Тихон Ильич, нахмуриваясь, побарабанивал пальцем по столу.
- Это-то, пожалуй, правильно, - сказал он. - Дикий народ. Шальной.
- Ну, вот то-то и есть. Я, могу сказать, довольно-таки пошатался по свету, - ну и что ж? - прямо нигде не видал скучнее и ленивее типов. А кто и не ленив, - покосился Кузьма на брата, - так и в том толку нет. Рвет, гандобит себе гнездо, а толку что?
- Как же так - толку что? - спросил Тихон Ильич.
- Да так. Вить его, гнездо-то, тоже надо со смыслом. Совью, мол, да и поживу по-человечески. Вот этим-то да вот этим-то.
И Кузьма постучал себя пальцем в грудь и в лоб.
- Нам, брат, видно, не до этого, - сказал Тихон Ильич. - "Поживи-ка у деревни, похлебай-ка сырых щей, поноси худых лаптей!"
- Лаптей! - едко отозвался Кузьма. - Вторую тыщу лет, брат, таскаем их, будь они трижды прокляты! А кто виноват? Татаре, видишь ли, задавили! Мы, видишь ли, народ молодой! Да ведь авось и там-то, в Европе-то, тоже давили немало - монголы-то всякие. Авось и германцы-то не старше... Ну, да это разговор особый!
- Верно! - сказал Тихон Ильич. - Давай-ка лучше об делу поговорим!
Кузьма, однако, стал договаривать:
- В церьковь я не хожу...
- Значит, ты молокан? - спросил Тихон Ильич и подумал: "Пропал я! Видно, надо развязываться с Дурновкой!"

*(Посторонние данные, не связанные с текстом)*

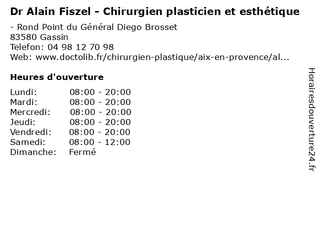 1 Dr Alain Fiszel - Chirurgien plasticien et esthétique (Distance: 0,41 km) - RD 559 - Rond Point du Général Diego Brosset, 83580 Gassin age, alain, chirurgien, dr, esthétique, et, fiszel, medecin, morphologie, morphologue, plasticien 2 Alain Afflelou (Distance: 1,26 km) 120 Rond-Point De La Foux, 83580 Gassin afflelou, alain, lentilles, lunettes, montures, opticien, optique 3 Opticien Gassin | Alain Afflelou (Distance: 1,30 km) Centre Commercial Géant, 83580 Gassin afflelou, alain, gassin, magasin de lunettes de soleil, magasin d’accessoires de mode, opticien, optométrie 4 Dr Michel Chabaud - Chirurgien plasticien et esthétique (Distance: 1,58 km) - Rond-Point du Général Diego Brosset, 83580 Gassin chabaud, chirurgien, dr, esthétique, et, michel, plasticien 5 Centre Esthétique Automobile - Juillet-Août (Distance: 2,58 km) . Montée Bertaud, 83580 Gassin août, automobile, centre, esthétique, juillet, lavage, lustrage, nettoyage 6 Centre Esthétique Automobile - Septembre à juin (Distance: 2,58 km) . Montée Bertaud, 83580 Gassin automobile, centre, esthétique, juin, lavage, lustrage, nettoyage, septembre  |
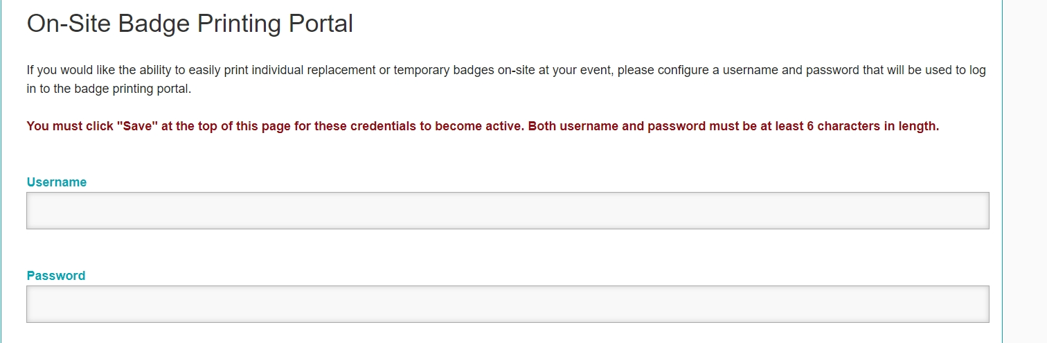 4. On-Site Badge Printing Portal: The Username and Password needed to gain access to the Portal is set under this section.

- Вроде молокана, - усмехнулся Кузьма. - Да, а ты-то ходишь? Кабы не страх да не нуждишка, - и совсем забыл бы.
- Ну, это не я первый, не я последний, - возразил Тихон Ильич, нахмуриваясь. - Все грешны. Да ведь сказано: за один вздох все прощается.
Кузьма покачал головою.
- Говоришь привычное! - сказал он строго. - А ты остановись да подумай: как же это так? Жил-жил свиньей всю жизнь, вздохнул, - и все как рукой сняло! Есть тут смысл ай нет?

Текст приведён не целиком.